Sinclair is close to buying all of Tribune’s TV stations - cryptoz
http://nypost.com/2017/03/14/sinclair-tribune-merger-would-surpass-fcc-ownership-rules/
======
cryptoz
This is an odd post and topic and source for an HN post, but it's relevant and
important. Recent de-regulation in media by Trump's administration could
result in massive political bias and in US TV viewership.

From the article:

> Two of the biggest TV-station owners in the US are nearing a deal for a
> multibillion-dollar merger that would blow past ownership limits long set by
> communications regulators, several sources told The Post.
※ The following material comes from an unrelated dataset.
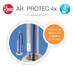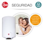 Los termos murales Rheem son durables y seguros. Su esmalte Zafiro Xpand de baja adherencia al sarro protege el tanque interno y las resistencias de acero inoxidable, alargando la vida útil del termo eléctrico. Cuenta además con ánodo de magnesio resistido AR Protect X4, sistema electroestático que atrae partículas de magnesio a las paredes internas del tanque, evitando su deterioro y aumentando su vida útil.
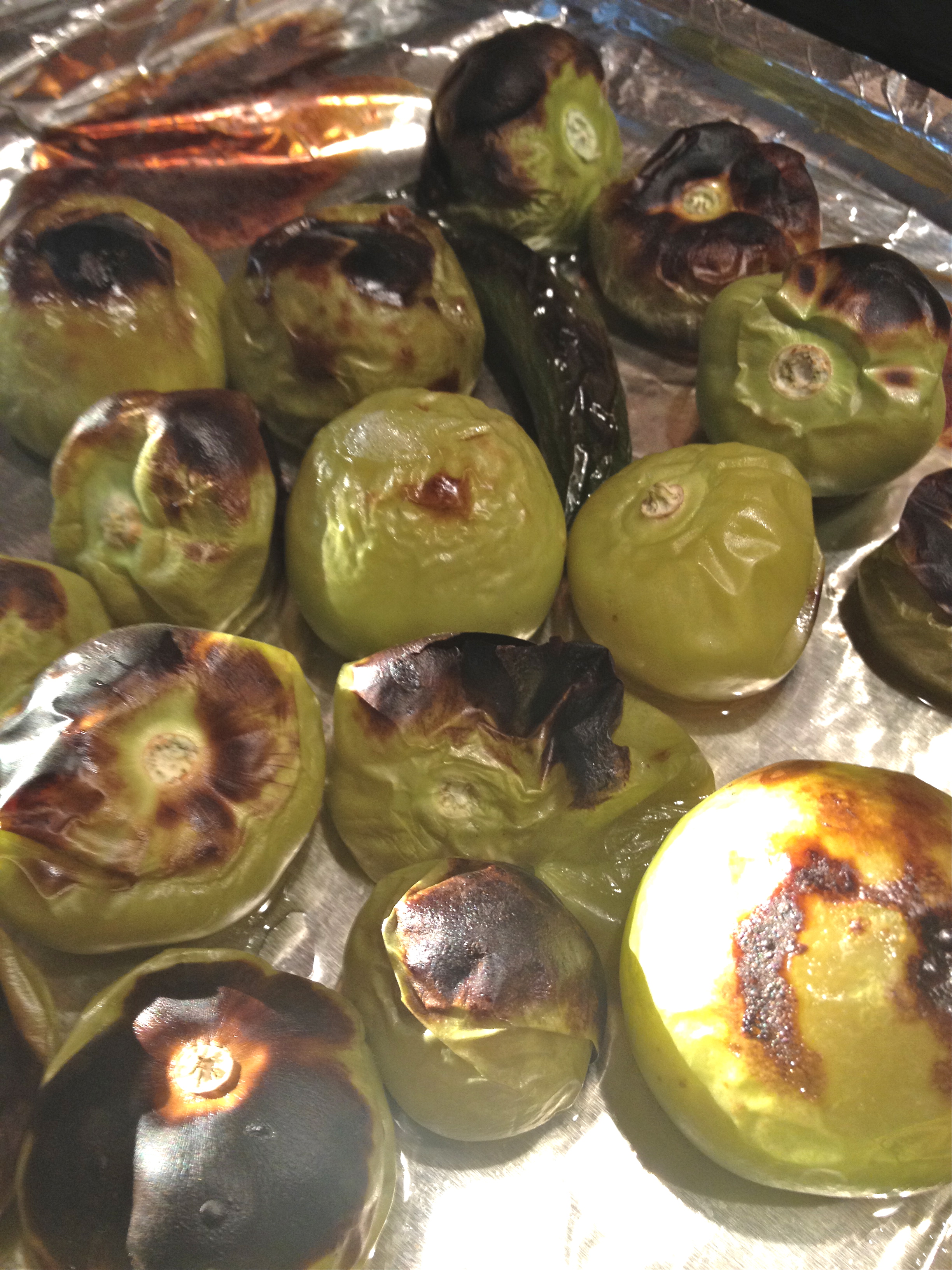 Last Sunday, tempted again by Mexico and by the fact that it’s tomatillo season, we launched into enchiladas Suizas. This too is a simple recipe once you get past the basic prep. The ingredients list calls for three cups of shredded chicken, expedited by the availability of grocery store rotisserie birds. Somewhat labor-intensive is the charring of the tomatillos (husks removed) under the broiler and then, without losing any juices, removing the thin skin to reveal the gelatinous membranes within. (Hint, do this part over the blender, ’cause that’s where they’re going.) There they are joined by two poblano and two serrano peppers (also blackened and peeled), 3/4 cup of sour cream, a cup of boiling water, garlic, cumin and cilantro, then blended until smooth. Mix a cup of the enchilada sauce with the shredded chicken and you’re ready to assemble.

Other relevant information:

> Sinclair Requires TV Stations to Air Segments That Tilt to the Right

[https://www.nytimes.com/2017/05/12/business/media/sinclair-b...](https://www.nytimes.com/2017/05/12/business/media/sinclair-
broadcast-komo-conservative-media.html)

> Since November 2015, Sinclair has ordered its stations to run a daily
> segment from a “Terrorism Alert Desk” with updates on terrorism-related news
> around the world. During the election campaign last year, it sent out a
> package that suggested in part that voters should not support Hillary
> Clinton because the Democratic Party was historically pro-slavery. More
> recently, Sinclair asked stations to run a short segment in which Scott
> Livingston, the company’s vice president for news, accused the national news
> media of publishing “fake news stories.”

And some commentary from reddit:
[https://www.reddit.com/r/politics/comments/6cneol/two_of_the...](https://www.reddit.com/r/politics/comments/6cneol/two_of_the_biggest_tvstation_owners_in_the_us_are/dhvxmhq/?utm_content=permalink&utm_medium=front&utm_source=reddit&utm_name=politics)